En muchas ocasiones le habían ofrecido comprarla, prometiendo cantidades fabulosas, pero siempre contestaba con un no rotundo. Pensaba que moriría antes que separarse de esta maravilla.
Hoy, finalmente, iba a vender su icono milagroso. Iba a venderlo para pagar un asesinato.
Después de dar un largo paseo por la Ciudad, Nastia estaba subiendo a su habitación cuando un chico alto, moreno, de cara agradable y sonrisa hechizadora le salió al paso.
—Buenos días, me llamo Pável. He visto que esta mañana no ha bajado a desayunar. ¿Se ha levantado tarde?
—No —le contestó Nastia calmosa.
Cuando no le apetecía, no había forma humana de sacarle conversación.

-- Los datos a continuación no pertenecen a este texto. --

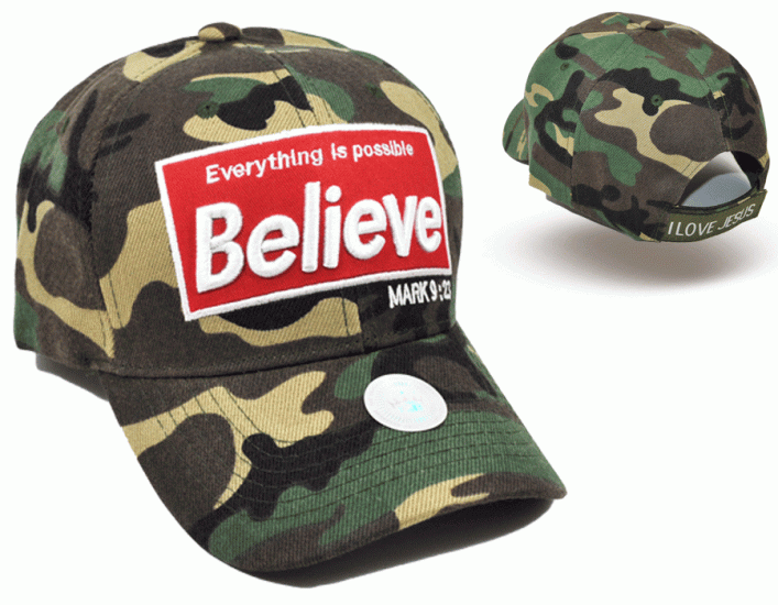 Fashionable collection of baseball caps and hats with an inspirational message.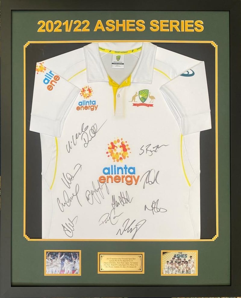 2021/22 AUSTRALIAN ASHES PERSONALLY SIGNED SHIRT "2021/22 VODAFONE ASHES SERIES CHAMPIONS"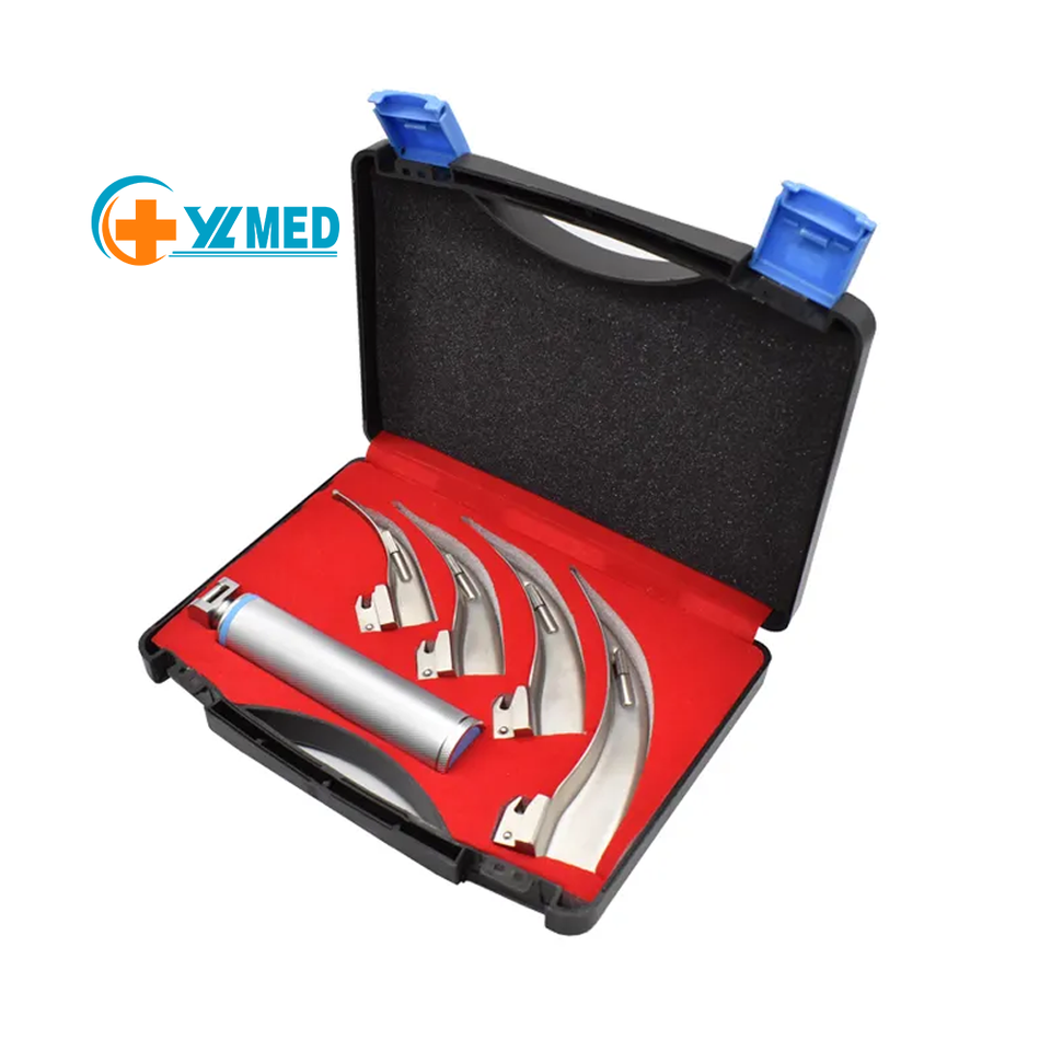 Laringoscopio de acero inoxidable con luz blanca LED barata, 4 cuchillas, equipo de diagnóstico veterinario, intubación traqueal para mascotas de animales pequeños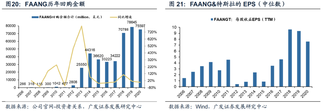 (3)股份回购:利润水平较高的情况下,进一步增强FAANG(&Tesla)的EPS。企业回购会减少股票数量,在(移动)互联网红利下,FAANG(&Tesla)的盈利能力持续改善,而股份回购能够进一步强化这些公司的EPS。同时,股份回购也会在一定程度上提振投资者信心,增强FAANG(&Tesla)公司股价的稳定性。从FAANG历年回购金额同比变动趋势和EPS走势看较为接近,回购反映在EPS的增长上具有一定的时滞性:13年起,FAANG整体的回购规模大幅提高,对应EPS也逐步提升,18年起回购金额和EPS均维持在相对高位。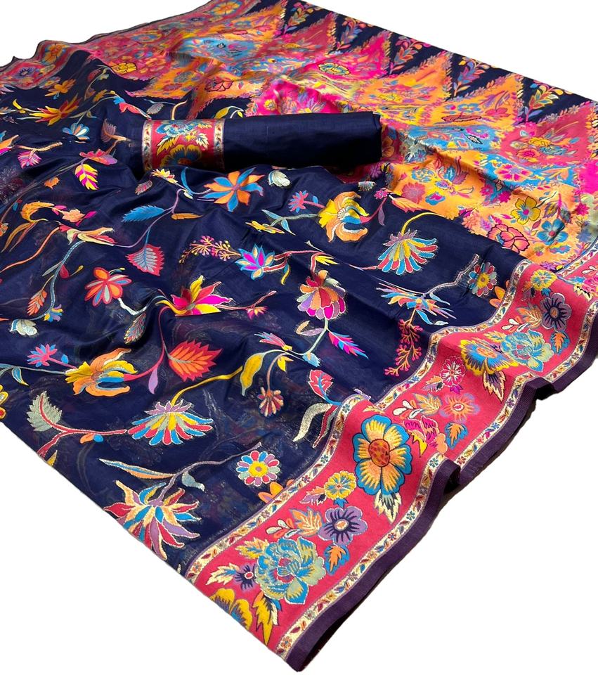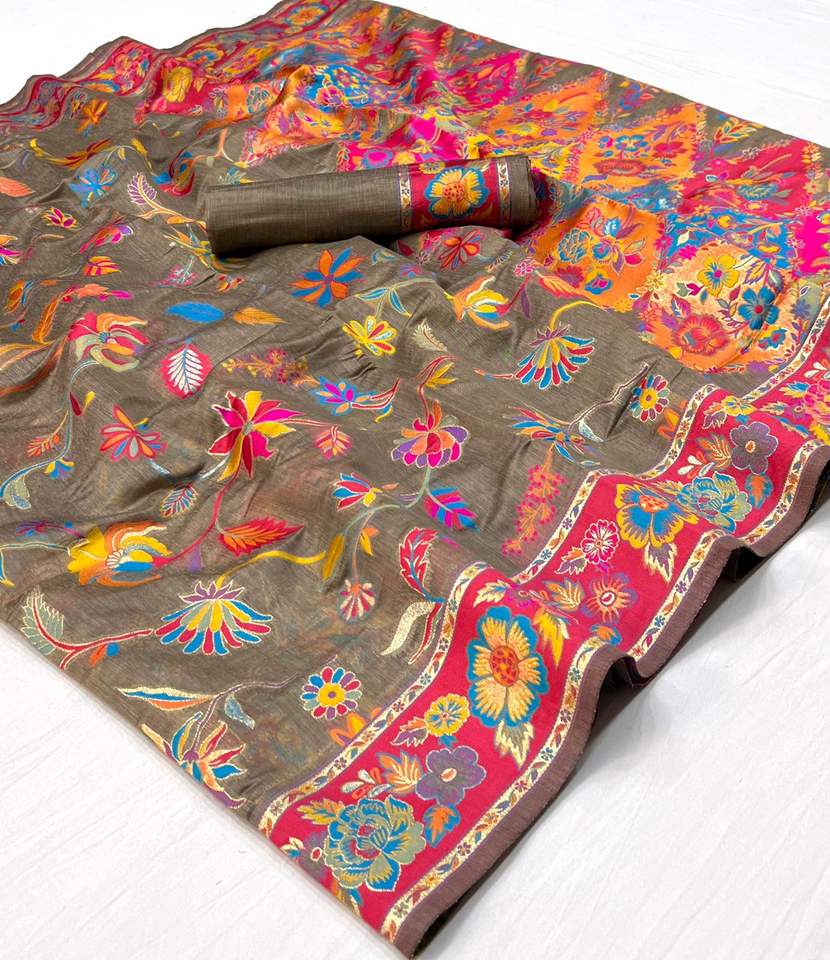 นักออกแบบล่าสุดผ้าไหมแคชเมียร์แท้แฟนซีพิมพ์งานสารี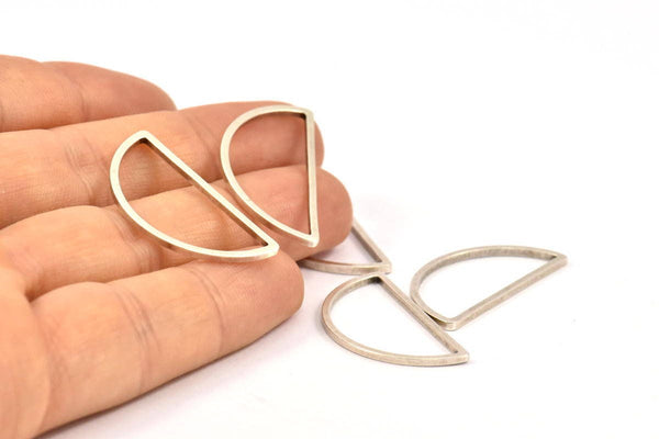 Pirinç Yarım Ay - 24 Antik Gümüş Kaplama Pirinç Yarım Daire Bağlantı Elemanı (15x30x1mm) D0011 H0104
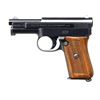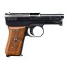 Cal. 6.35mm (25 ACP). S# 385845. Bbl. 3". Round blade front sight. V-notch rear sight. Fine condition Mauser 1910 retains a high degree of original blue finish. The right side of the frame is marked with a Mauser banner. Left side of the slide is marked "Cal. 6,35" and a crown "U". Checkered walnut grips. MAGS: 1-9 rd., marked with the Mauser banner on the baseplate. CONDITION: right side of grip shows a dent; grips otherwise show scattered dings and handling wear. Metal retains 85% of its original blue with a couple spots of oxidation, scattered fading, edge wear, and some light scratches. Very good bore with strong rifling. (24-1093/MJC). CURIO. $400-600.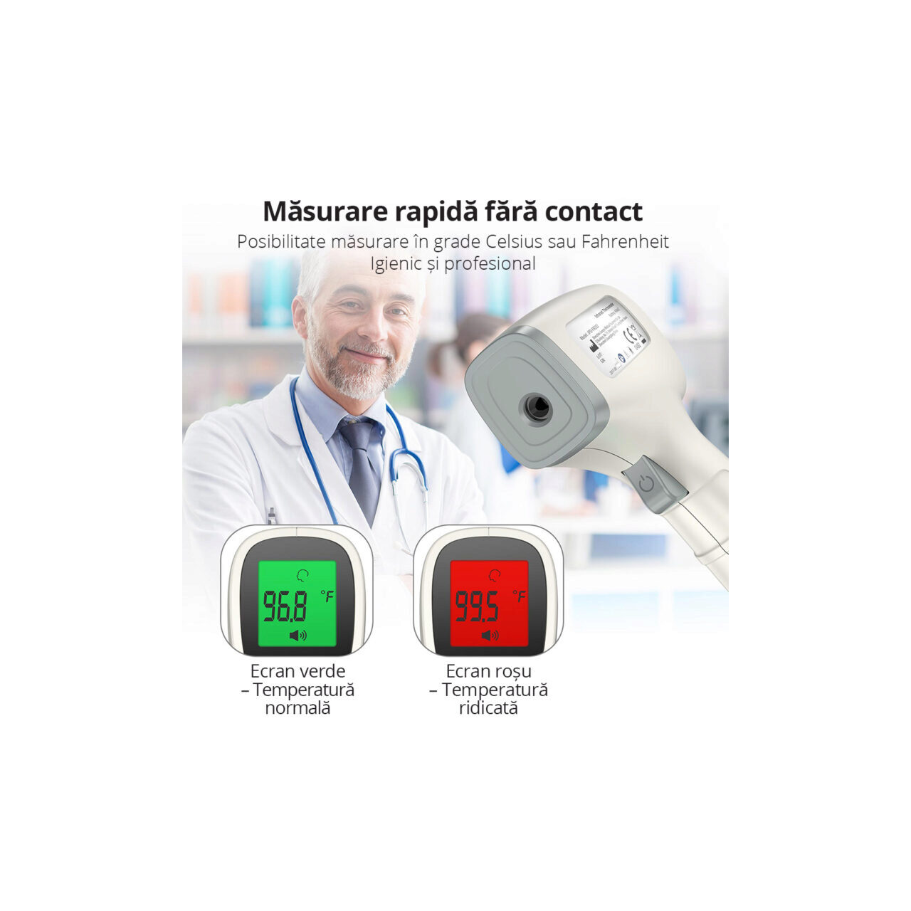 - Fever alert with acoustic and visual alarm, with configurable alert threshold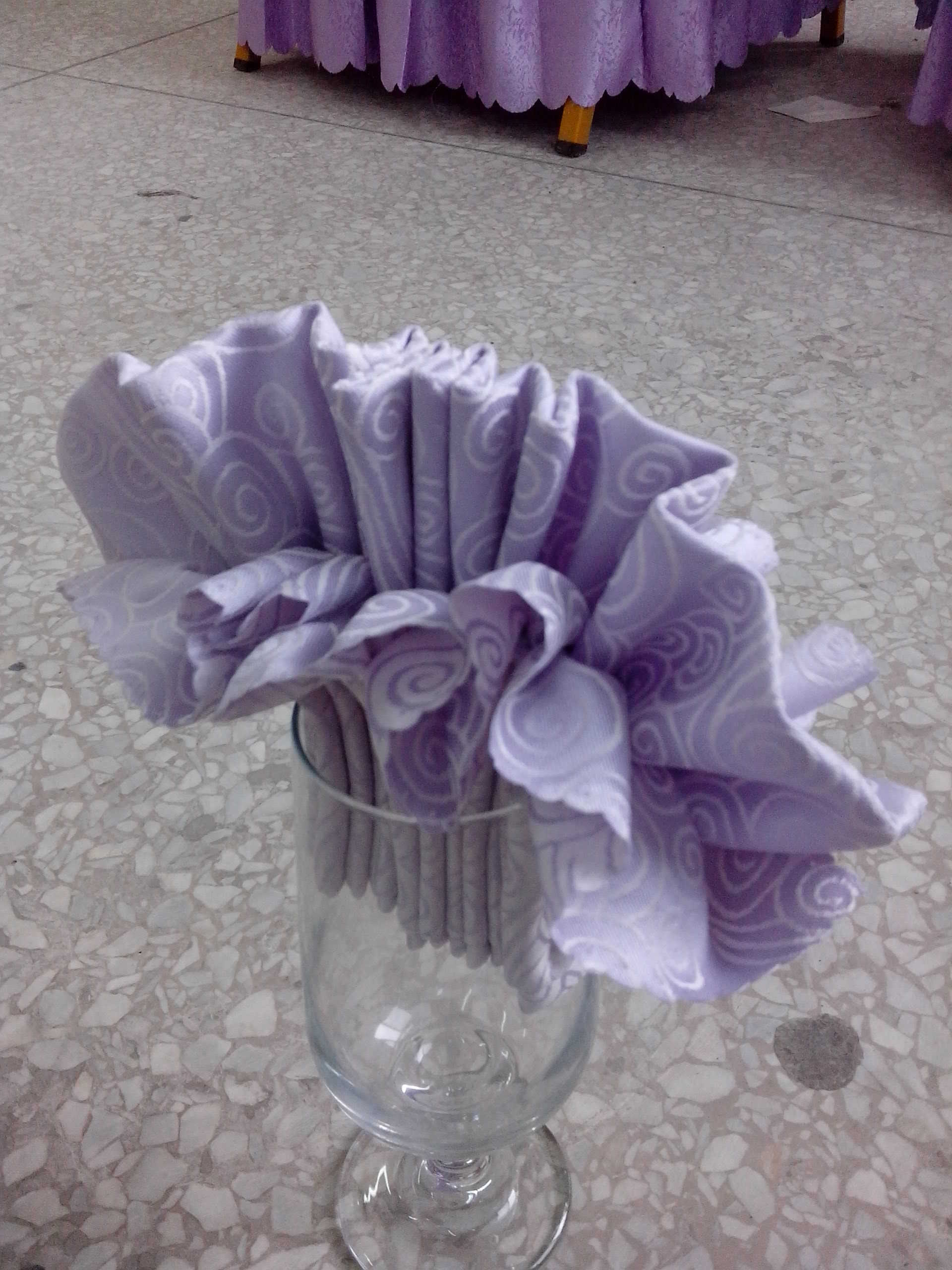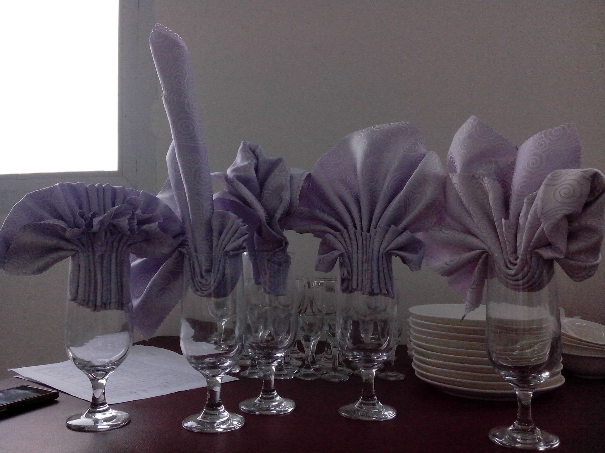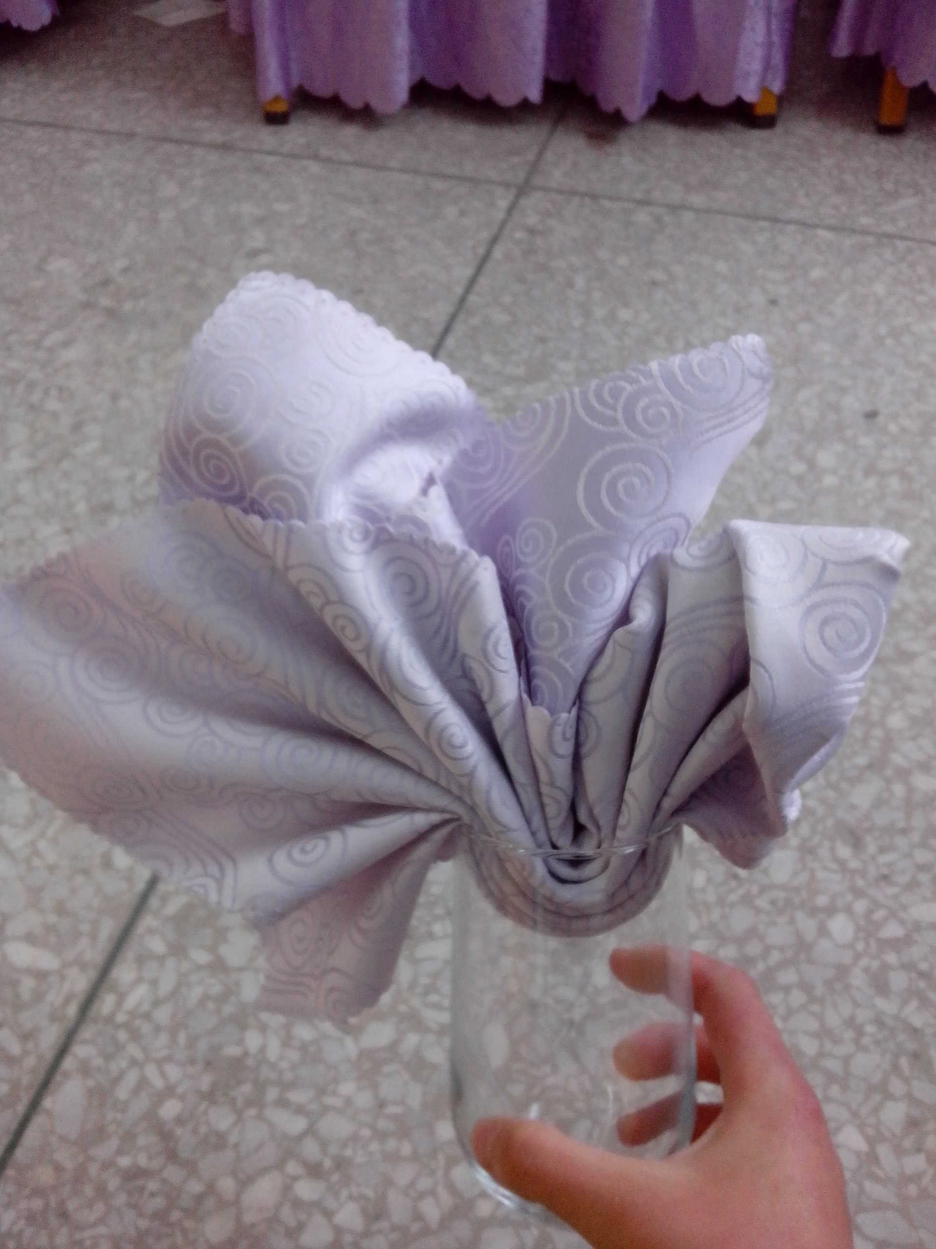 第二天,我们正在下面值班的时候,老师便让我们三个到旅游实作室去上课。到的时候,实作室李还有另外的三个学姐,听说就是她们教我们。我们学到了叠餐巾花的时候。我们三个兴致都挺高的,看着一张张餐巾在学姐的手里变成了一朵朵美丽的餐巾花,可羡慕了。

—¿Por qué entonces? ¿Está a régimen?
—No.
—¡No se me ocurre nada más! —Pável se llevó las manos a la cabeza con un gesto teatral—. Ah, ya lo tengo. No ha dormido en el balneario. ¿A que sí? Por favor, no me diga que es cierto, me partiría el corazón. Llevo todo el día intentando armarme de valor para acercarme a usted y hablarle, y cuando por fin me animo, ¡toma! Calle, calle, no quiero saber nada de admiradores más afortunados. La invito a comer en un restaurante. ¿Acepta?